We separate environments for model training and large-scale decoding. Both assume Python 3.10 and CUDA 12.8 builds of PyTorch/FlashAttention.

mnpo_train

conda create -n mnpo_train python=3.10 -y
conda activate mnpo_train
pip install torch==2.7.0 torchvision==0.22.0 torchaudio==2.7.0 \
    --index-url https://download.pytorch.org/whl/cu128
pip install \
  https://github.com/Dao-AILab/flash-attention/releases/download/v2.8.0.post2/flash_attn-2.8.0.post2+cu12torch2.7cxx11abiFALSE-cp310-cp310-linux_x86_64.whl \
  numpy==1.26.4 \
  accelerate==0.29.2 \
  deepspeed==0.15.4 \
  transformers==4.44.2 \
  trl==0.9.6 \
  datasets==2.18.0 \
  huggingface-hub==0.23.2 \
  peft==0.7.1 \
  wandb

mnpo_infer

conda create -n mnpo_infer python=3.10 -y
conda activate mnpo_infer
pip install torch==2.7.0 torchvision==0.22.0 torchaudio==2.7.0 \
    --index-url https://download.pytorch.org/whl/cu128
pip install \
  vllm==0.9.0 \
  "transformers<4.54.0" \
  datasets==2.18.0 \
  https://github.com/Dao-AILab/flash-attention/releases/download/v2.8.0.post2/flash_attn-2.8.0.post2+cu12torch2.7cxx11abiFALSE-cp310-cp310-linux_x86_64.whl \
  numpy==1.26.4 \
  deepspeed==0.15.4 \
  https://download.pytorch.org/whl/cu128/flashinfer/flashinfer_python-0.2.5%2Bcu128torch2.7-cp38-abi3-linux_x86_64.whl \
  more_itertools

Set PYTHONPATH to the repository root before running any module entrypoints:

export PYTHONPATH=$(pwd)

End-to-End Workflow

The run.sh script demonstrates a three-iteration MNPO curriculum and can be adapted to your infrastructure.

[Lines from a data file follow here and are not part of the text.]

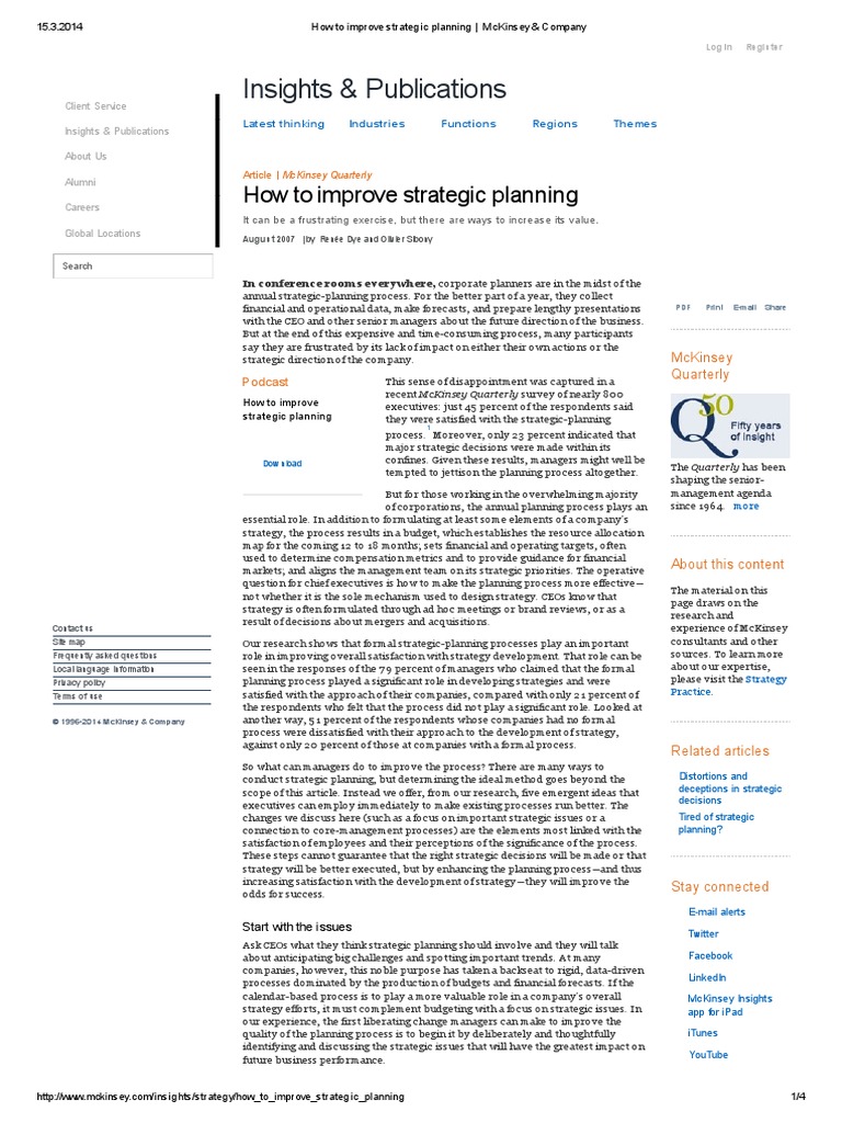 Web article | mckinsey quarterly how to improve strategic planning it can be a frustrating exercise, but there are ways to increase its value.
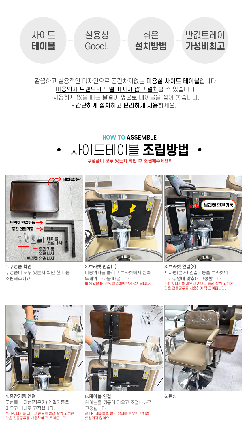 [뜨리고] 미용실 사이드 테이블 (셀프설치형) -사은품제외-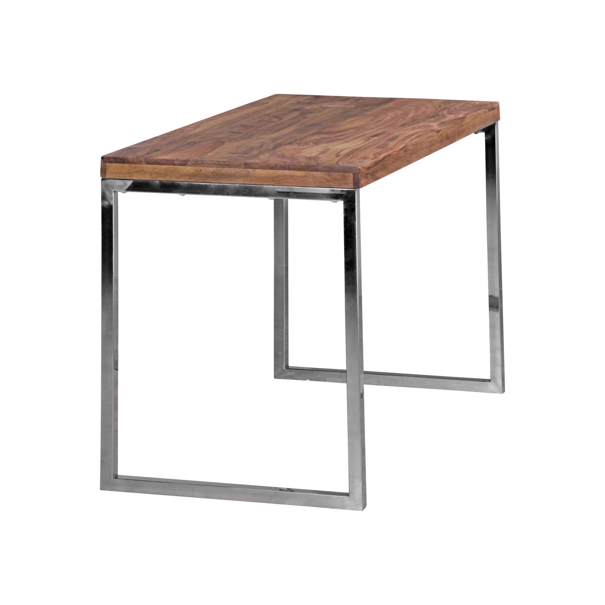 Biurko GUNA wykonane z litego drewna Sheesham łączy elegancję i wytrzymałość, stworzone do komfortowej pracy. Powierzchnia wykonana z naturalnego drewna z przezroczystym lakierem oraz chromowane metalowe nogi tworzą ciepły, nowoczesny kontrast. Styl rustykalny nadaje funkcjonalną i wygodną przestrzeń.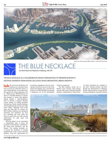 THE BLUE NECKLACE IS A COLLABORATIVE DESIGN EXPLORATION TO PRESERVE BOSTON’S EXISTING SEAFRONT FROM RISING SEA LEVELS WHILE PROMOTING URBAN GROWTH We now know that Boston will experience an existential threat from sea level rise within the century, or more catastrophically, in the nearer term. The question for future generations will be, “What did the 2020 Bostonians do about it?” The Blue Necklace is a project that attempts to answer that question, pulling together a multi-disciplinary team to develop a response. Boston’s current strategy of creating flood-able infrastructure, locally resilient buildings, and strengthening the existing water edge meets today’s challenges from storm surge and king tides. In contrast, the Blue Necklace addresses the anticipated permanent and significant sea level rise, extending new land within the harbor to protect the city, while creating opportunities for open space and development. With this project, we are researching a comprehensive plan to ensure the protection of East Boston, Charlestown, the North End, Downtown and the Seaport. The guiding principles are to prevent the inundation of existing neighborhoods, retain current waterfront property, create new opportunities for

Initial dataset split – mnpo_scripts.split_dataset shards the base preference dataset into per-iteration train/test JSONL files to avoid leakage between stages.
On-policy generation (for iteration > 1) – on_policy_data_gen.decode samples multiple responses per prompt, post_process filters identical answers, and reward_model_annotate scores them with a reward model to produce MNPO-ready pairs. For reproduction and experiments, we included both reward model and preference model annotation.
Precomputation – mnpo_scripts.precompute computes log-probabilities, normalizers, and history buffers used by MNPO training. Previous stage checkpoints can be chained via the --history_paths argument.
Training – mnpo_scripts.run_mnpo launches the actual MNPO updates using Accelerate/DeepSpeed and the YAML config for the current iteration. Outputs are written under outputs/ and fed into the next iteration.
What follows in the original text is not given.